Наш дом 26 по улице Набережной снесли. На его месте на повороте улиц шла огромная стройка. Это было чудовищно. Рухнул мир. В новой школе – всего год существовавшей, пахли краской парты и панели стен, – я находил себе слабое утешение в том, что оказался звездой. Как по-английски собака? а дом? а курица? – постоянно спрашивали пацаны. После уроков девчонки устраивали ритуал: завязывали мне шапку под подбородком (я не умел сам), обматывали поверх пальто шарфом, надевали на руки мне варежки и лишь тогда отпускали домой…
- Ты дома с порога кричал: «Двадцать!» Это значило – четыре пятёрки получил сегодня. «Двадцать пять!» «Тридцать!» Всё реже звучало «двадцать четыре», «двадцать девять», а уж какие там «двадцать три»!
Я смотрела на это месяц, другой, а потом зашла в школу.
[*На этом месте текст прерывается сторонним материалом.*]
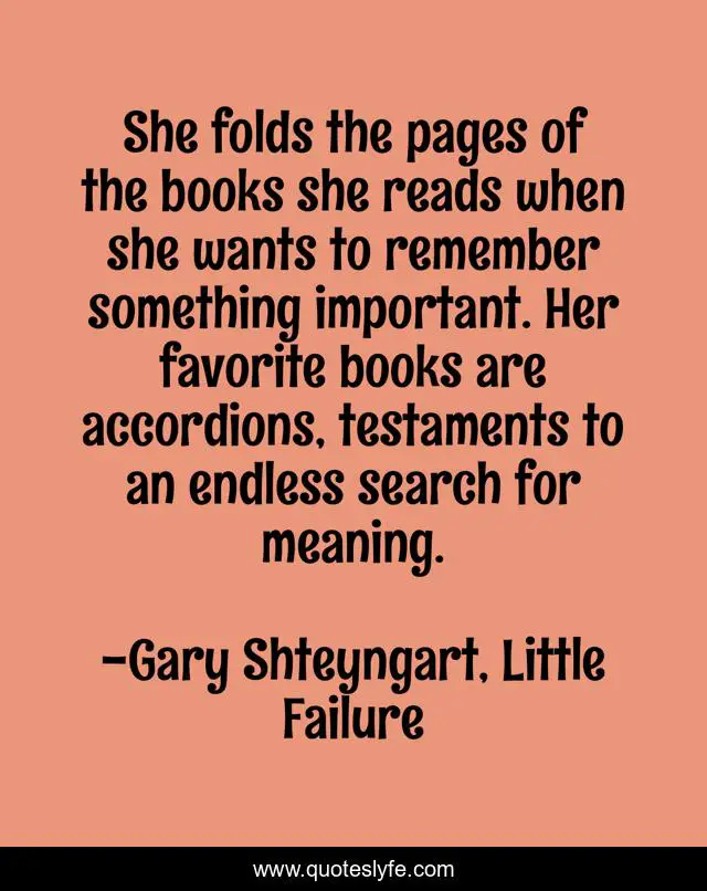 "Gary Shteyngart, Little Failure Quotes." Quoteslyfe.com, 2025. Fri. 05 Dec. 2025. <https://www.quoteslyfe.com/quote/She-folds-the-pages-of-the-books-142436>.

«Ой, вы мама Гриши Лыкова! Как здорово! Замечательный мальчик!» Я сказала им: что вы делаете, товарищи! Что вы делаете, бросьте ставить ему одни пятёрки! Там испугались. Когда поняли, чего я хочу, впали в восторг. «Ну надо же! Фантастика! Вы первая, кто просит занижать оценки ребёнку. Обычно приходят просят поднять».
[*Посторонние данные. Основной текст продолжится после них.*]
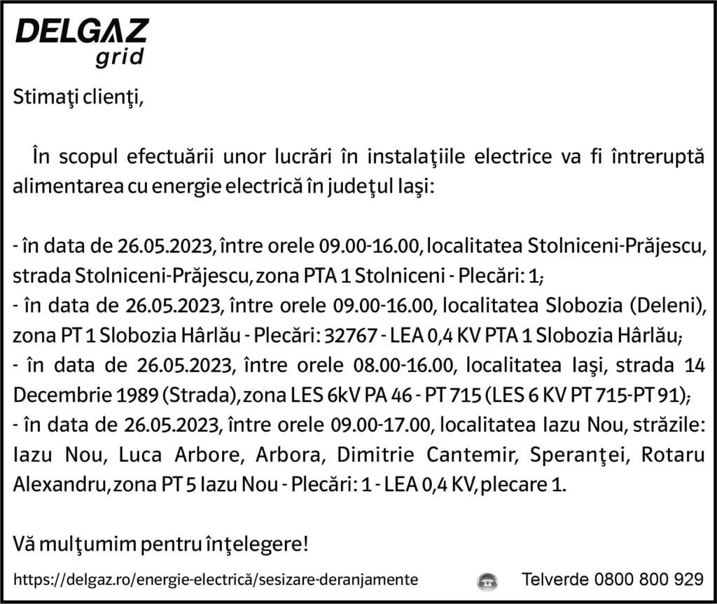 Anunț Delgaz Grid 23 mai 2023 / 1

Я не прошу, я требую! Вы мне парня испортите! – твердила я. «Мы не можем. Нет оснований. Не имеем права. Он учится отлично». Слушайте, говорю, это вы мне рассказываете? Повод можно найти всегда. Ставьте четвёрки! Ставьте тройки! Я поддержу вас, всегда объясню, за что. Не переживайте! Ставьте!
Ушла я расстроенная. С неделю ничего не менялось. Но в один день ты открыл дверь, сбросил пальто, ботинки, и тенью скользнул мимо нас к себе в комнату. Бабушка (она была в курсе заговора) кивнула вслед тебе: «Смотри, Нинка! Похоже, да?»
«Гриш, как дела?» Твою обиженную вытянутую физиономию надо было видеть! «Мам, странно. Влепили три четвёрки. Не пойму… И у доски я отвечал правильно. И контрольную по арифметике решил верно».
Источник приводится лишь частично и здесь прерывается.